Читаем Повести полностью

К счастью, показывается спасительный Анисим и наводит порядок тоже "по-своему".

…Вечерами в спальне у маленьких шепот:

— Васька, а Васька, спишь?

— Да, уснешь тут! Скоро рождество, а я сиди в проклятой Академии. Мне не к кому идти в отпуск. Я сирота.

И глубокий продолжительный вздох.

— Васька, а Васька!

— Ну чего?

— А я думаю: кабы моя воля, пошел бы я мальчиком в булочную. Там плюшек сдобных, хоть лопни, ешь. Вчерась я видел булочников, по набережной шли. Сами белые, ровно пшеничные.

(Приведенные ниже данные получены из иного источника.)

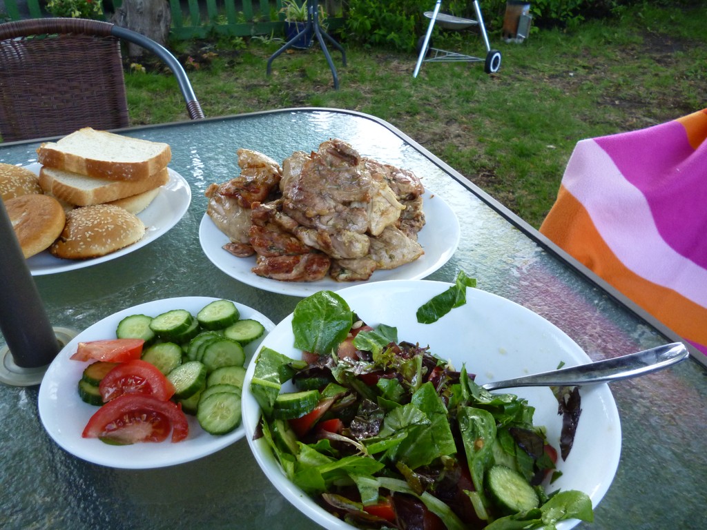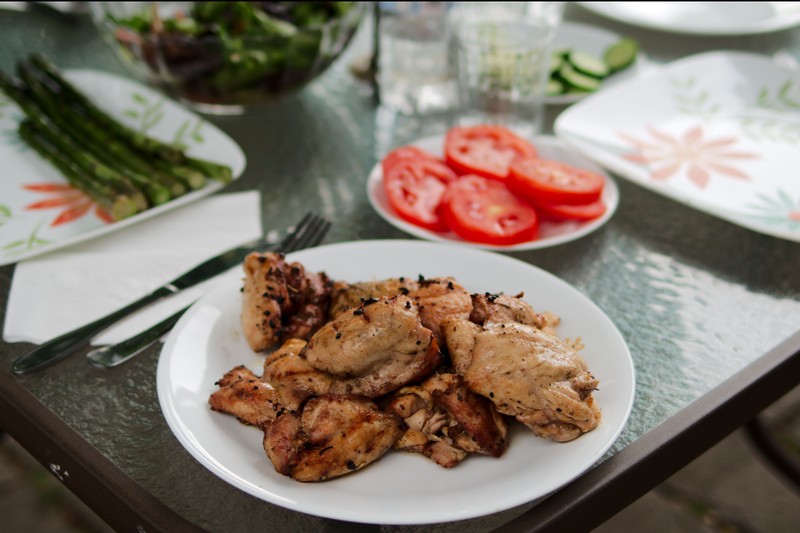 Все чаще и чаще мы едим на бэкъярде, или на балконе, а когда есть настроение — жарим барбекю. Надо сказать, что настроение есть очень часто, и если не на углях, то на портативном гриле я часто готовлю что-то к ужину. Признаться, мы очень полюбили такой вариант еды: обилие зелени и овощей к рыбе, мясу или птице. Без утяжеляющих картофельных и прочих гарниров.

— А я бы лучше пошел в галантерейщики. Галантерейщик завсегда при галстуке и при часах. Голова напомажена лимонной помадой, от самого дух!.. Ух ты! А вечером в саду зефирничает. Сапоги блестят и со скрипом. Все на него заглядываются. Шуба теплая… А тут сидишь, мерзнешь над голым Аполлоном, черт бы его взял! Учитель смотрит и смеется: "Что это ты, говорит, на-ва-ра-кал, не пойму никак?"

— Не-е, в булочниках лучше, сытнее!.. До смерти надоело рисовать эти "глазки" да "кисточки".

Сонный голос снова передразнил учителя:

— "Ты, шельмец, не достоин пальца микеланджеловского раба рисовать, не то что руку али ногу. Ведь ты медвежью лапу рисуешь. А здесь — благо-род-ство!.."

Еще один уныло вмешивается:

— Что толку рисовать да рисовать? Сиди двенадцать — пятнадцать лет в Академии, а выйдешь в рисовальные учителя. Одна конфузия!.. Ходи, как наш Ушаков, в бабьем рваном салопе.

— Да что там — "двенадцать — пятнадцать"! Иордан — не нам чета, способный, а остался из-за роста на три лишних года. Мал, вишь, ты! Уж он и картон под пятку подкладывал, и на носки вставал — куда там! Мал ростом — и шабаш! Подожди, значит, еще… Впору задавиться!

— А другие любят рисовать, право слово! И что они в этом рисовании хорошего находят?! Удивительно!

— Вот, например, тот же Карлуша Брюлло. Тот не удавится.

— В нем много "гения и огня" — говорят и учителя и профессора.

С дальней койки сердито обрывают:

— Спать мешаете, балаболки! Лучше встаньте завтра пораньше да поищите пуговиц и гвоздиков. Тверской вчерась что-то хмурился и все носом хмыкал.

— Мы с Васькой и то гвоздиков набрали — хватит с него.

Голоса затихают, начинается чей-то сонный присвист, неясное бормотание, чуть слышные стоны. Васьки, Петьки и Степки, случайно попавшие в Академию, некоторое время еще мечтают о сытной карьере булочника и "блестящей" — галантерейщика. Обдумывают, как бы получше ублажить мрачного Тверского. Они открыли его слабое место — манию собирать коллекции пуговиц и гвоздей. Вот преподнесут ему завтра фунтик старых гвоздей, собранных где попало, да пуговиц, стащенных в академической пошивочной. Учитель будет расхаживать по классу, заложив руки за спину. А потом с довольным видом станет напевать, не замечая ошибок в ответах нерадивых учеников.

III. "РОЗОВЫЙ" ДОМ

Сергей тщательно оделся. Надел даже фрак, на который истратил недавно крупную сумму. Старательно причесался. Зеркальце отразило лицо с большими черными глазами и тенью пробивающихся усов.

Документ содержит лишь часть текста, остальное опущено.